Ninguém em sã consciência defenderia que uma empresa com o gigantesco poder de monopólio que ainda tem a Petrobras possa fixar seus preços nos níveis que bem entender. O que aponta para a necessidade de que a empresa se paute por uma política transparente e defensável de preços. Até porque, sem isso, será difícil evitar que a liberdade de preços duramente conquistada volte a ser perdida no futuro. Um risco do qual a empresa precisa urgentemente se livrar.
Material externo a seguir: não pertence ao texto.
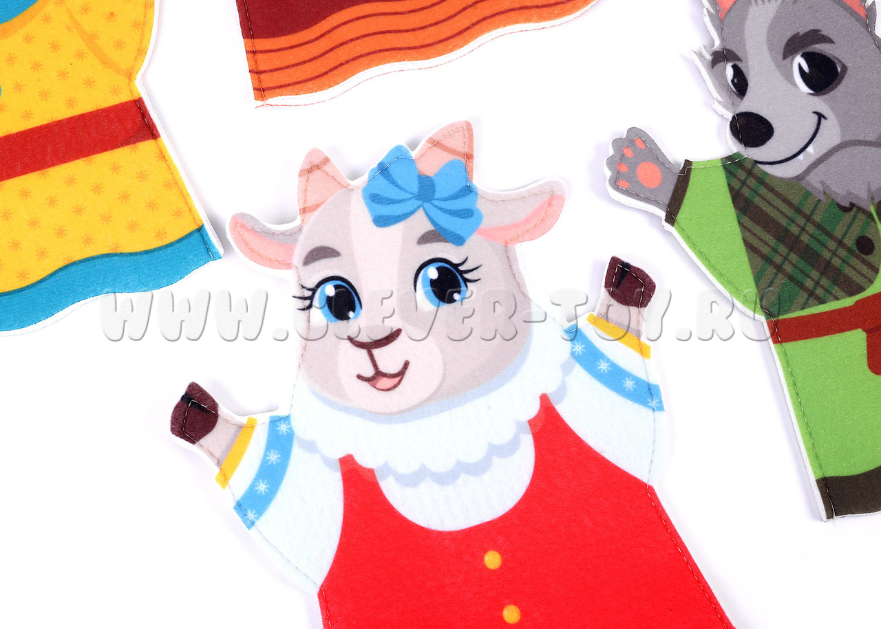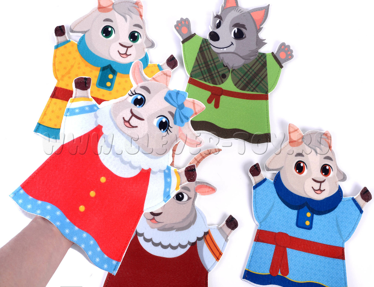 Театр на руку "Волк и козлята" – это долговечный сюжетный набор для разыгрывания постановок семейного театра и организации дидактических игр с детьми любого возраста. Занятия с театральными наборами способствуют развитию речи, творческого мышления, памяти и внимания, артистических способностей.

O que deveria nortear tal política? Não há muito o que inventar. Na medida do possível, preços internos de derivados de petróleo deveriam estar alinhados aos preços vigentes no mercado internacional. A própria administração atual da Petrobras parece concordar com isso. Mas como ir além de meras e vagas promessas de alinhamento? Como implementar, na prática, uma política de vinculação efetiva dos preços internos de derivados aos preços externos?

Há muitos anos venho defendendo a instauração de um sistema transparente de gestão dessa política de vinculação, que facilite o acompanhamento da lógica das decisões tomadas e a avaliação dos resultados obtidos. Voltando a fazer amplo uso do direito de autoplágio, reproduzo abaixo a essência da argumentação em defesa dessa proposta que apresentei em artigo publicado nesse mesmo espaço, em 8/11/2013, sob o título “Uma política de preços para a Petrobras”.

Não faz sentido reduzir a ideia de vinculação à mera atrelagem mecânica do preço interno de cada derivado a um preço de referência externo. A política de vinculação que interessa exige análise mais ampla, tendo em conta amplo espectro de preços e a evolução do mercado internacional de petróleo como um todo. O que pode ser bem mais complexo do que se pensa.

O desafio de dar transparência a decisões discricionárias especialmente complexas e, ao mesmo tempo, permitir a avaliação contínua da qualidade dessas decisões vem sendo enfrentado, com razoável grau de sucesso, na política de metas para a inflação. Talvez se deva extrair dessa experiência lições importantes para a política de preços de derivados. O que parece estar faltando nessa política é algo similar ao Relatório de Inflação, por meio do qual o Banco Central explicita seus diagnósticos e premissas e justifica suas decisões, expondo-as à avaliação pública.

Não parece ser demais exigir que a cada três ou quatro meses a Petrobras publique documento similar, justificando detalhadamente sua política de preços de derivados, à luz da evolução do mercado internacional de petróleo e da meta regulatória de alinhar preços internos aos preços internacionais. É uma iniciativa relativamente simples que permitiria tornar a política de preços de derivados menos ruidosa, mais consequente e mais previsível.